• **Exercise objective**
Could you print the stretch of lines below from the one with "阶段某个分支事务出错,所以需" through the one with "1. Aide Memoire", exactly as they stand and without any pictures?
(Material to process)
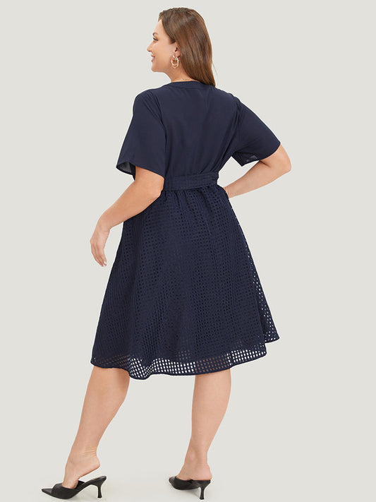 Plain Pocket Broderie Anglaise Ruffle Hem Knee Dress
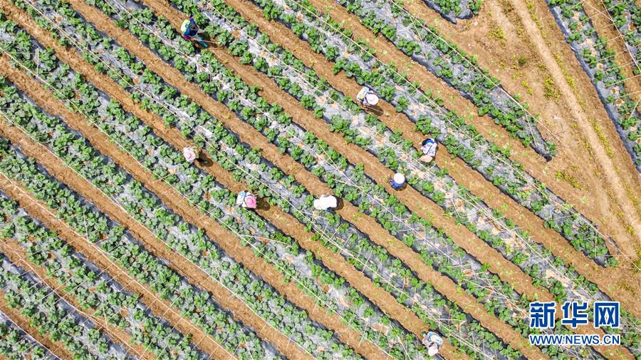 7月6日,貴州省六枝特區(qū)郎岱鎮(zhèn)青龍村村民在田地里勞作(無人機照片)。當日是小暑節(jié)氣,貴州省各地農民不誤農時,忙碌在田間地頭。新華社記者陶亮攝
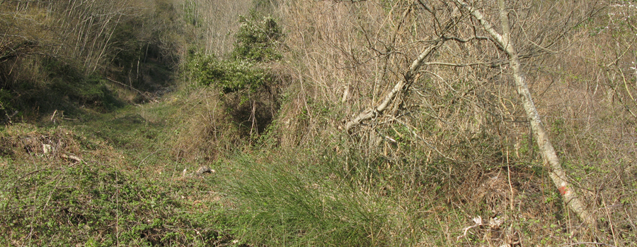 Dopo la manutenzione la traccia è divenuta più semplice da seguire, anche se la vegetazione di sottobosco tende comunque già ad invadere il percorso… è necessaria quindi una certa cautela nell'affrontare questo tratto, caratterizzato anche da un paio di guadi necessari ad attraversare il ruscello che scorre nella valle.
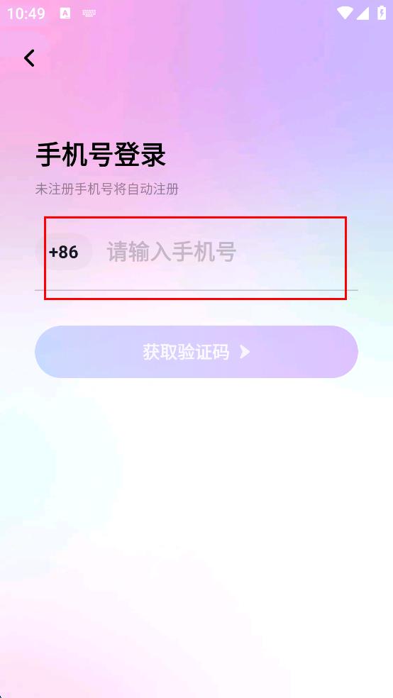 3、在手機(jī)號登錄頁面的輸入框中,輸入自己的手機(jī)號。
(End Material to process)
(Material to process)
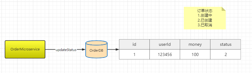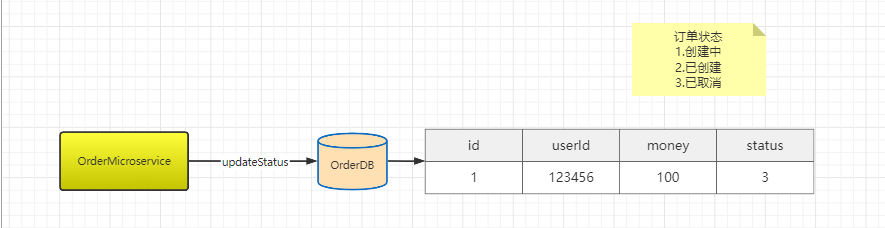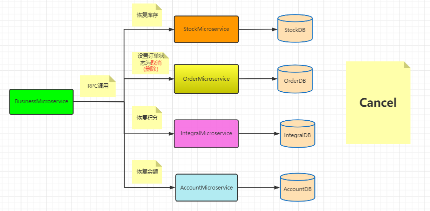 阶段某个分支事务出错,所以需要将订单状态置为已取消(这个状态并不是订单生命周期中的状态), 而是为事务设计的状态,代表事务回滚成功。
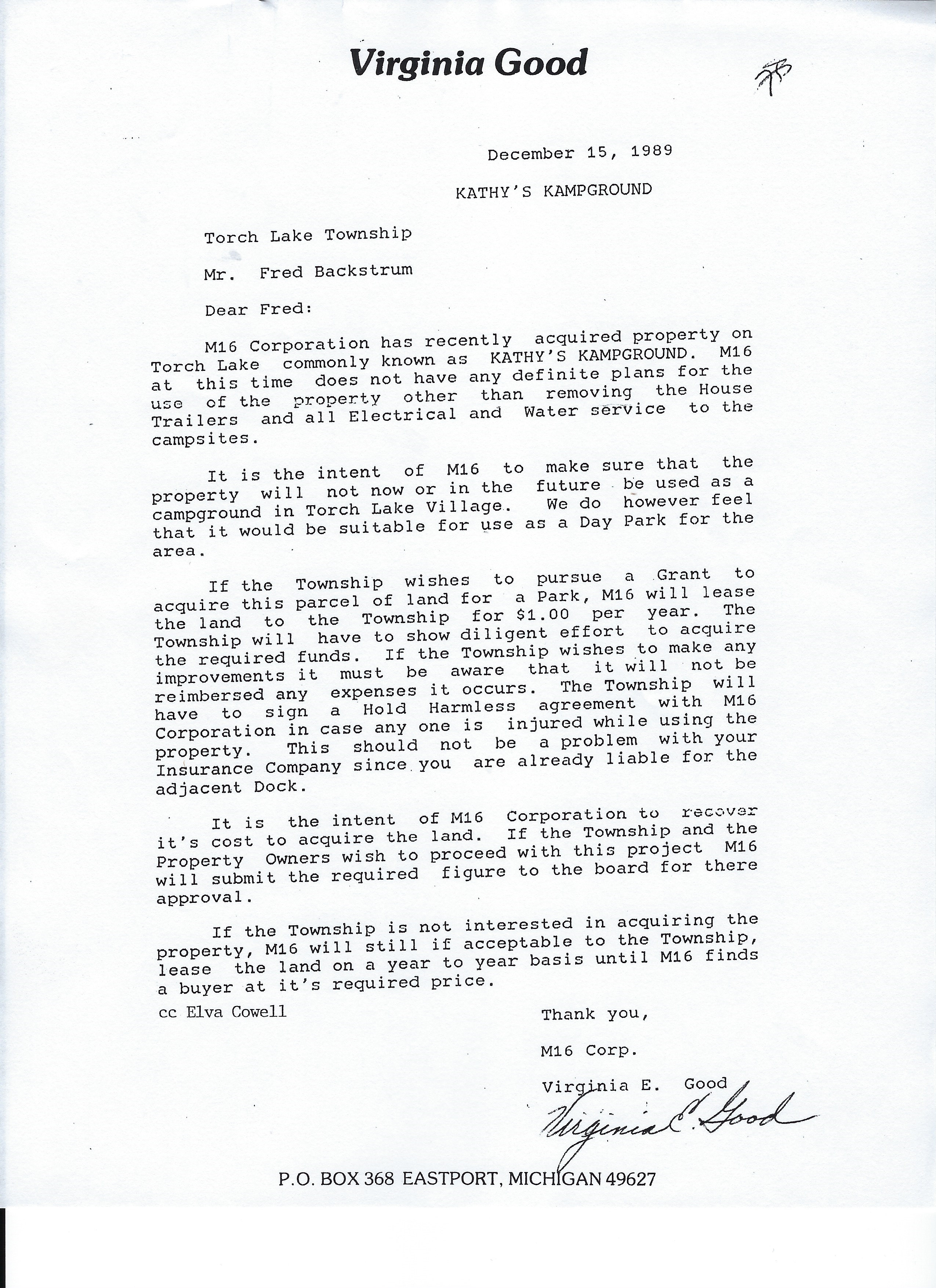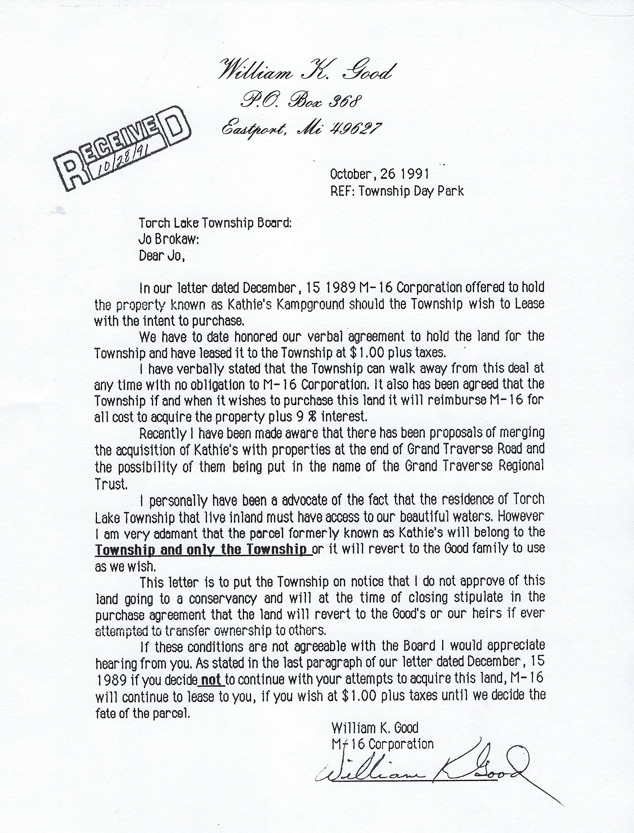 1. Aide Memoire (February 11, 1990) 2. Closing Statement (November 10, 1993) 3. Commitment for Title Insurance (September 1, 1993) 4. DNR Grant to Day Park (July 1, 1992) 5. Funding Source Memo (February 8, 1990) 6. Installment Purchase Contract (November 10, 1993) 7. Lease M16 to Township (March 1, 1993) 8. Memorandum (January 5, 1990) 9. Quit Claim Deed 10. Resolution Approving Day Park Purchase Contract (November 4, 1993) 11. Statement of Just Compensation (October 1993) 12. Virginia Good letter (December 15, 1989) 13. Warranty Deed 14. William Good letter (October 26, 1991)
(End Material to process)
• **Worked solution**
 阶段某个分支事务出错,所以需要将订单状态置为已取消(这个状态并不是订单生命周期中的状态), 而是为事务设计的状态,代表事务回滚成功。
 1. Aide Memoire (February 11, 1990) 2. Closing Statement (November 10, 1993) 3. Commitment for Title Insurance (September 1, 1993) 4. DNR Grant to Day Park (July 1, 1992) 5. Funding Source Memo (February 8, 1990) 6. Installment Purchase Contract (November 10, 1993) 7. Lease M16 to Township (March 1, 1993) 8. Memorandum (January 5, 1990) 9. Quit Claim Deed 10. Resolution Approving Day Park Purchase Contract (November 4, 1993) 11. Statement of Just Compensation (October 1993) 12. Virginia Good letter (December 15, 1989) 13. Warranty Deed 14. William Good letter (October 26, 1991)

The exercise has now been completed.